[Opening Information section]

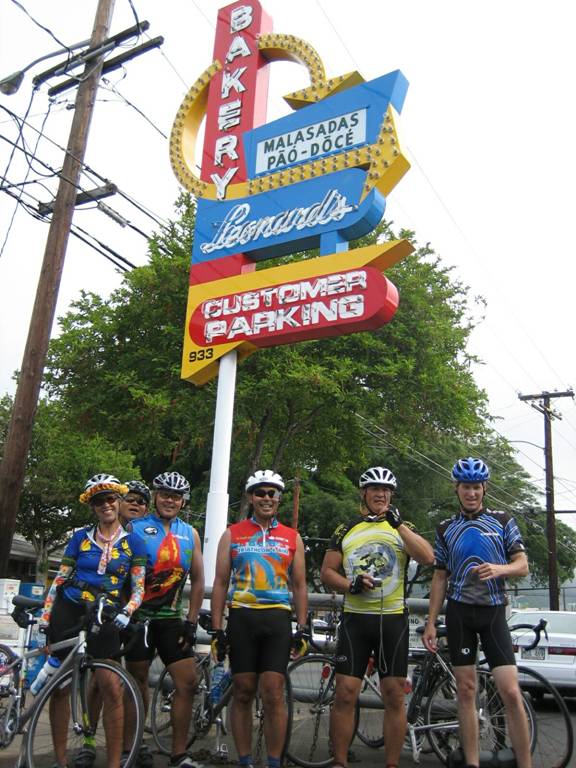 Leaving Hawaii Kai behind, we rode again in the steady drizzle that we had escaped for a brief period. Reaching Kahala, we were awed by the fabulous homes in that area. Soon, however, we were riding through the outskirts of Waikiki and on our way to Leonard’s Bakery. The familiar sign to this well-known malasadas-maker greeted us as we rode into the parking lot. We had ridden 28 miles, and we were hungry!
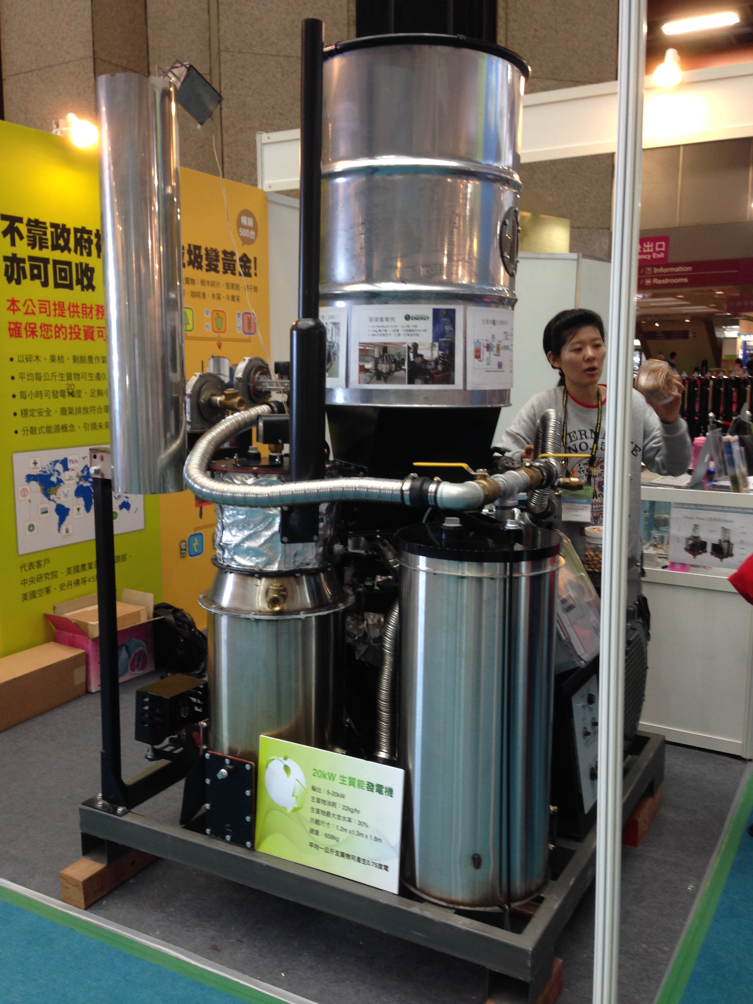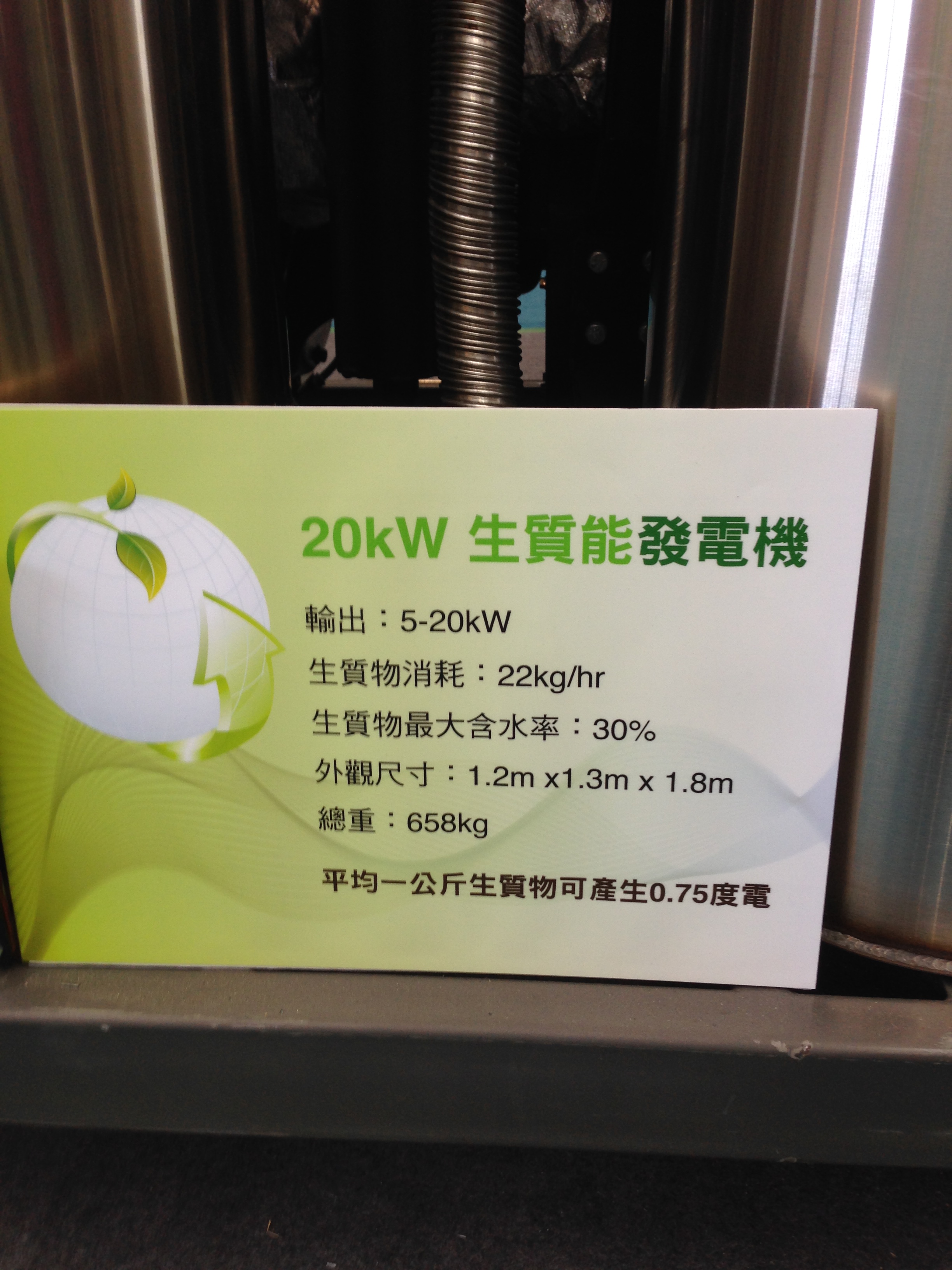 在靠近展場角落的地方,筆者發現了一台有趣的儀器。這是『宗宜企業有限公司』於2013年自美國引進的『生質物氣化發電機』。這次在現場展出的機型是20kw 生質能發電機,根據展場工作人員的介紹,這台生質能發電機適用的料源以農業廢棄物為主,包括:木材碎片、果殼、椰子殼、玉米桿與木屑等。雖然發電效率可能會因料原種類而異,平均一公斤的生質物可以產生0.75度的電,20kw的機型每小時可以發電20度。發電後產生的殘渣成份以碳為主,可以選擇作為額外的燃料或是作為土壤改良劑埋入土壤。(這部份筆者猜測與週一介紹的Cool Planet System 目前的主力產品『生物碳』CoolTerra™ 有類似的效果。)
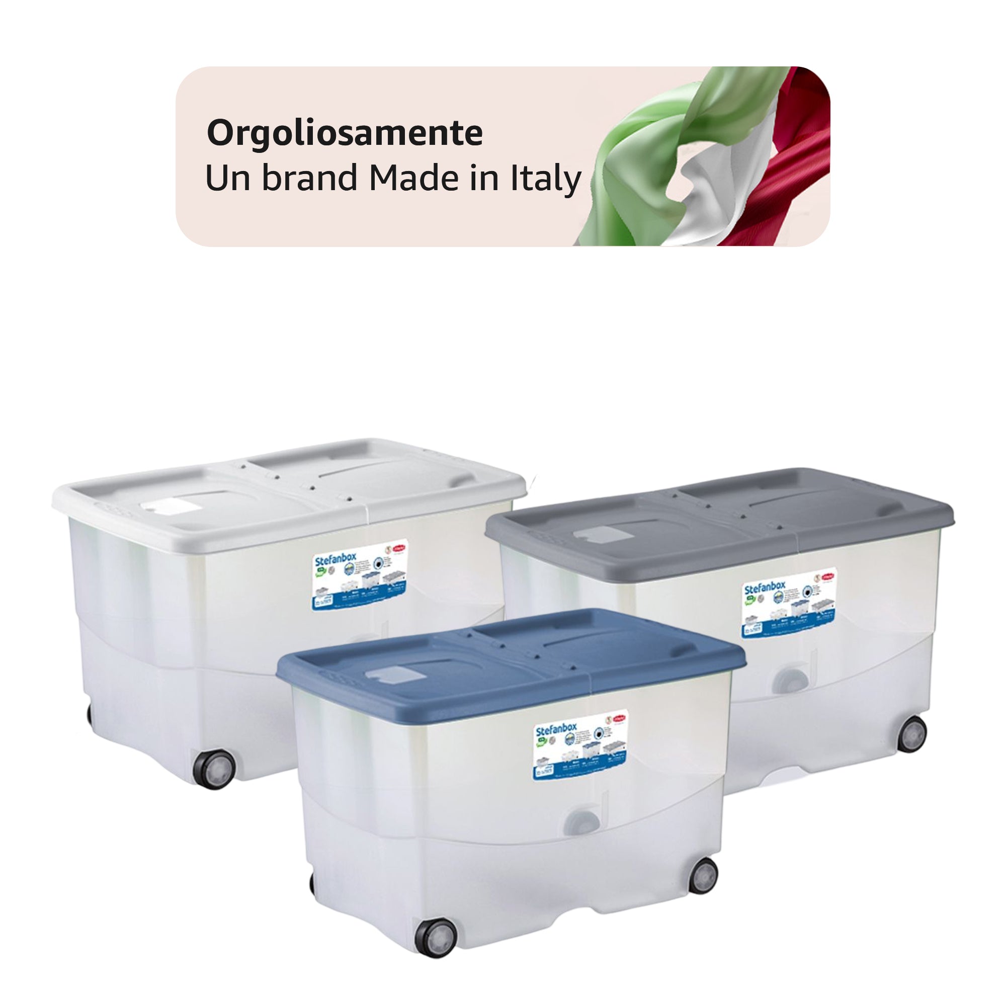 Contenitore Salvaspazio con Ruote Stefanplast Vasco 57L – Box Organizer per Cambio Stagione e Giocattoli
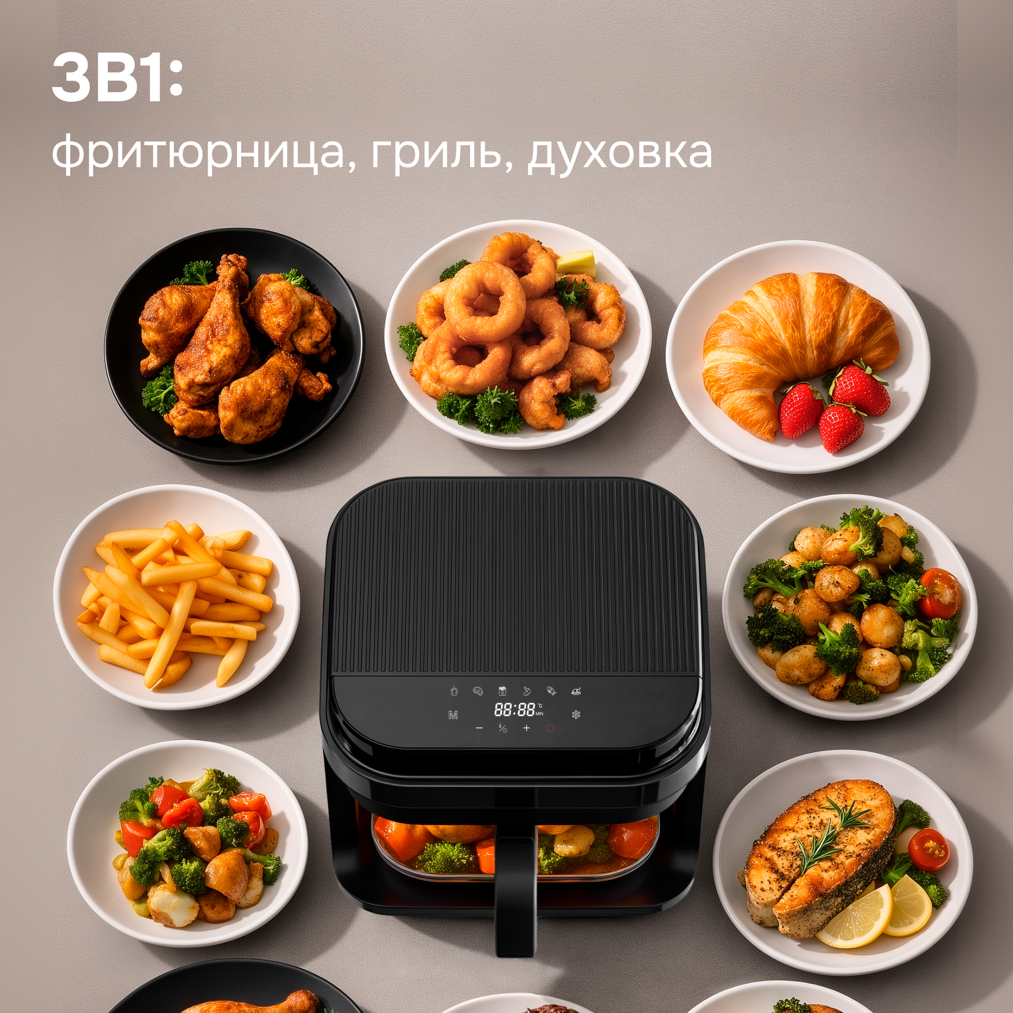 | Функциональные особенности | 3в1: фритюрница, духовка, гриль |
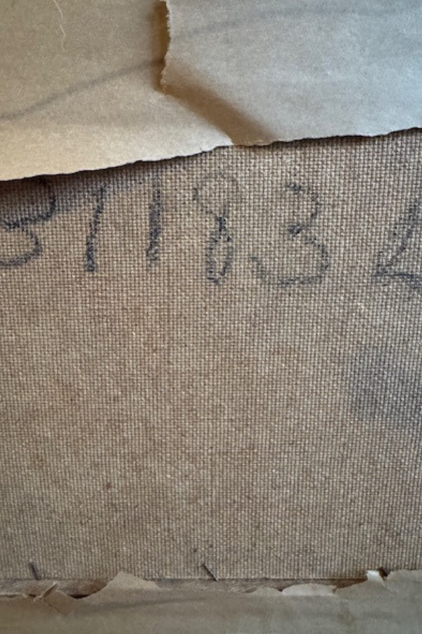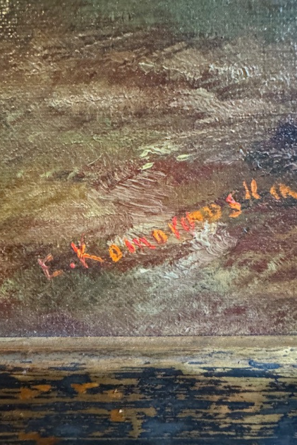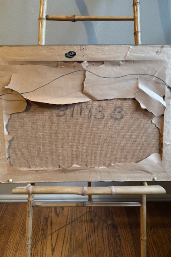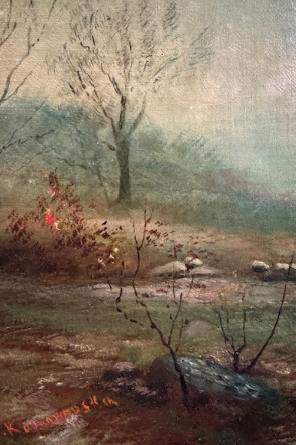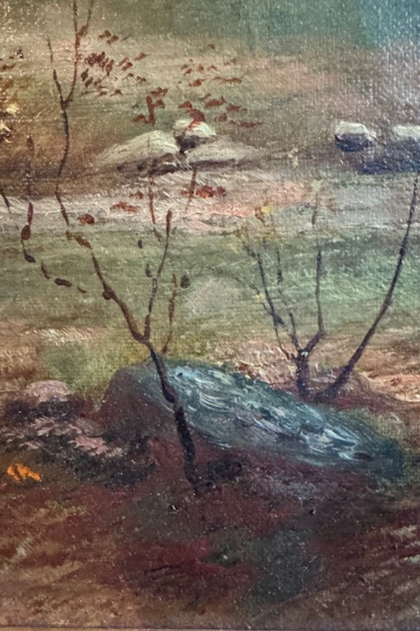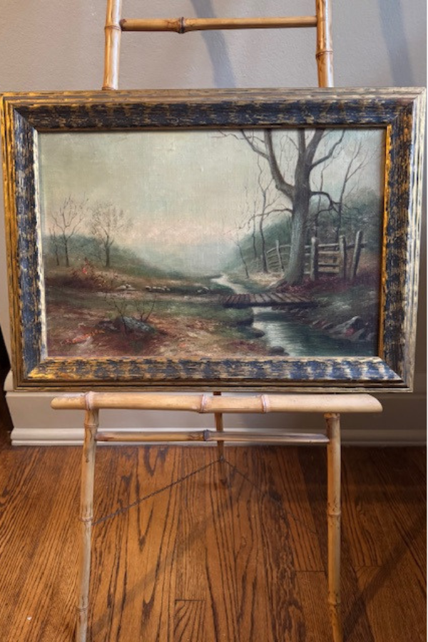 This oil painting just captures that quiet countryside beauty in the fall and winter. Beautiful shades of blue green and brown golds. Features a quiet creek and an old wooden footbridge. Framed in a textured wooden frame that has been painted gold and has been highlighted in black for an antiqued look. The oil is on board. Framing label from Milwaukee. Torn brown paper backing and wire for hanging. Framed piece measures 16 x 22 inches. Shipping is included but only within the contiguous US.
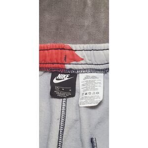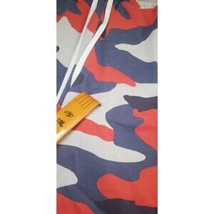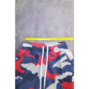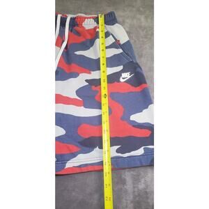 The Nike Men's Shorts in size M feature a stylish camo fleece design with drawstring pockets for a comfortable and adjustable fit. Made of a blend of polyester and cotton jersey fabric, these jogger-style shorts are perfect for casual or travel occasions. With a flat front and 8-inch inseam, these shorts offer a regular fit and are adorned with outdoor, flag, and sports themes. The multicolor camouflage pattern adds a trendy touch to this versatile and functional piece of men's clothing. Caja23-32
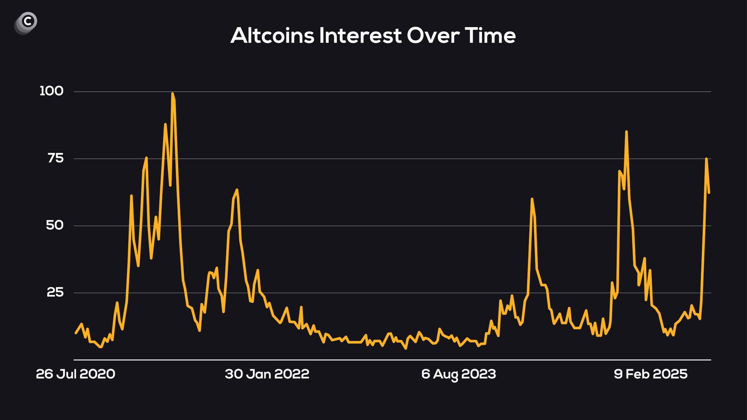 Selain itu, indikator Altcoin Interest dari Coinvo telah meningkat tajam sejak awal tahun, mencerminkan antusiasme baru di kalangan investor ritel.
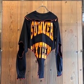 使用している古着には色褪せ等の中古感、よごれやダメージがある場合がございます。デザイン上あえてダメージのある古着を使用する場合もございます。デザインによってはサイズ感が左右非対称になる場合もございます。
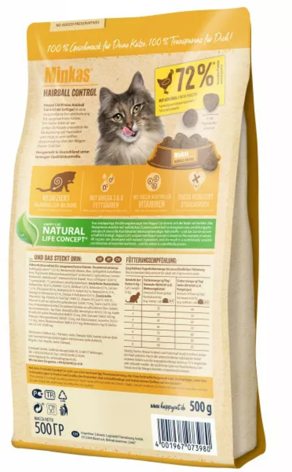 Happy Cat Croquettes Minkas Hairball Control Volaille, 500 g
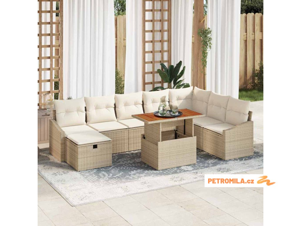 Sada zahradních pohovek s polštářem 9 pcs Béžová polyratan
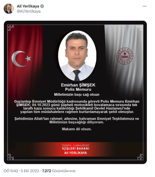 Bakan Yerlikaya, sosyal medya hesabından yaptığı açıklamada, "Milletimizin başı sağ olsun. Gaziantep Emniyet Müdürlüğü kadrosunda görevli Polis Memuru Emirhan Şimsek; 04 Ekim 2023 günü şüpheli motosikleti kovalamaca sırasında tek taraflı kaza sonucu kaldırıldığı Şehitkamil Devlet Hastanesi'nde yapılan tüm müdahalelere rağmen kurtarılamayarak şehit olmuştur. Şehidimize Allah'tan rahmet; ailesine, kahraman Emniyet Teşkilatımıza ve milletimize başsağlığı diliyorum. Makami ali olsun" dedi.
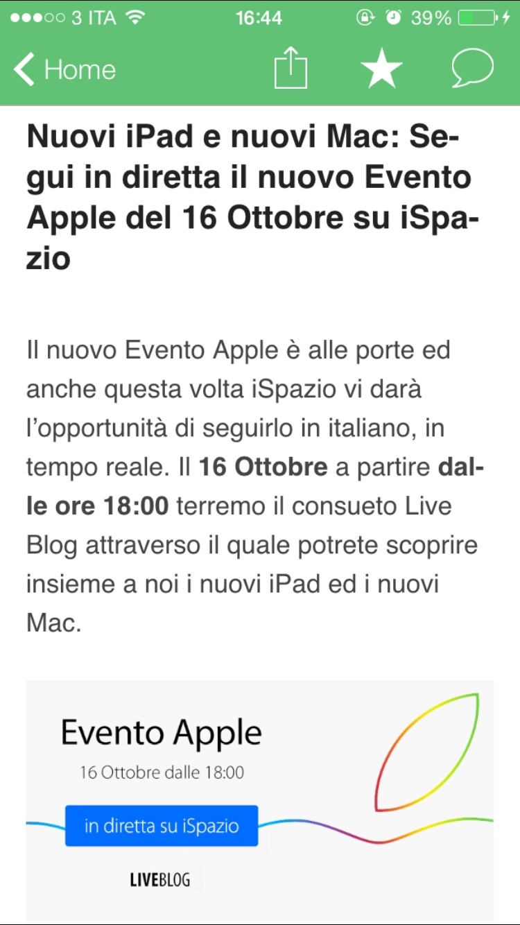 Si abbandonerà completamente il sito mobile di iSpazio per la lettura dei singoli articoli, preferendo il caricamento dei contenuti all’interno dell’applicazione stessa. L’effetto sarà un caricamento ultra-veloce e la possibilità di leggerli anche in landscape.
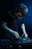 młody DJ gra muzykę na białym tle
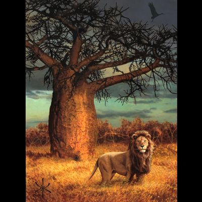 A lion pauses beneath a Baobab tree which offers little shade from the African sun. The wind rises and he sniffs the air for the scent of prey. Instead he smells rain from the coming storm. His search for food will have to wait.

[Closing Information section]

• _What you have to do_
Copy every line above exactly, leaving no picture in the copy.

• _Answer to this task_
 Leaving Hawaii Kai behind, we rode again in the steady drizzle that we had escaped for a brief period. Reaching Kahala, we were awed by the fabulous homes in that area. Soon, however, we were riding through the outskirts of Waikiki and on our way to Leonard’s Bakery. The familiar sign to this well-known malasadas-maker greeted us as we rode into the parking lot. We had ridden 28 miles, and we were hungry!
 在靠近展場角落的地方,筆者發現了一台有趣的儀器。這是『宗宜企業有限公司』於2013年自美國引進的『生質物氣化發電機』。這次在現場展出的機型是20kw 生質能發電機,根據展場工作人員的介紹,這台生質能發電機適用的料源以農業廢棄物為主,包括:木材碎片、果殼、椰子殼、玉米桿與木屑等。雖然發電效率可能會因料原種類而異,平均一公斤的生質物可以產生0.75度的電,20kw的機型每小時可以發電20度。發電後產生的殘渣成份以碳為主,可以選擇作為額外的燃料或是作為土壤改良劑埋入土壤。(這部份筆者猜測與週一介紹的Cool Planet System 目前的主力產品『生物碳』CoolTerra™ 有類似的效果。)
 Contenitore Salvaspazio con Ruote Stefanplast Vasco 57L – Box Organizer per Cambio Stagione e Giocattoli
 | Функциональные особенности | 3в1: фритюрница, духовка, гриль |
 This oil painting just captures that quiet countryside beauty in the fall and winter. Beautiful shades of blue green and brown golds. Features a quiet creek and an old wooden footbridge. Framed in a textured wooden frame that has been painted gold and has been highlighted in black for an antiqued look. The oil is on board. Framing label from Milwaukee. Torn brown paper backing and wire for hanging. Framed piece measures 16 x 22 inches. Shipping is included but only within the contiguous US.
 The Nike Men's Shorts in size M feature a stylish camo fleece design with drawstring pockets for a comfortable and adjustable fit. Made of a blend of polyester and cotton jersey fabric, these jogger-style shorts are perfect for casual or travel occasions. With a flat front and 8-inch inseam, these shorts offer a regular fit and are adorned with outdoor, flag, and sports themes. The multicolor camouflage pattern adds a trendy touch to this versatile and functional piece of men's clothing. Caja23-32
 Selain itu, indikator Altcoin Interest dari Coinvo telah meningkat tajam sejak awal tahun, mencerminkan antusiasme baru di kalangan investor ritel.
 使用している古着には色褪せ等の中古感、よごれやダメージがある場合がございます。デザイン上あえてダメージのある古着を使用する場合もございます。デザインによってはサイズ感が左右非対称になる場合もございます。
 Happy Cat Croquettes Minkas Hairball Control Volaille, 500 g
 Sada zahradních pohovek s polštářem 9 pcs Béžová polyratan
 Bakan Yerlikaya, sosyal medya hesabından yaptığı açıklamada, "Milletimizin başı sağ olsun. Gaziantep Emniyet Müdürlüğü kadrosunda görevli Polis Memuru Emirhan Şimsek; 04 Ekim 2023 günü şüpheli motosikleti kovalamaca sırasında tek taraflı kaza sonucu kaldırıldığı Şehitkamil Devlet Hastanesi'nde yapılan tüm müdahalelere rağmen kurtarılamayarak şehit olmuştur. Şehidimize Allah'tan rahmet; ailesine, kahraman Emniyet Teşkilatımıza ve milletimize başsağlığı diliyorum. Makami ali olsun" dedi.
 Si abbandonerà completamente il sito mobile di iSpazio per la lettura dei singoli articoli, preferendo il caricamento dei contenuti all’interno dell’applicazione stessa. L’effetto sarà un caricamento ultra-veloce e la possibilità di leggerli anche in landscape.
 młody DJ gra muzykę na białym tle
 A lion pauses beneath a Baobab tree which offers little shade from the African sun. The wind rises and he sniffs the air for the scent of prey. Instead he smells rain from the coming storm. His search for food will have to wait.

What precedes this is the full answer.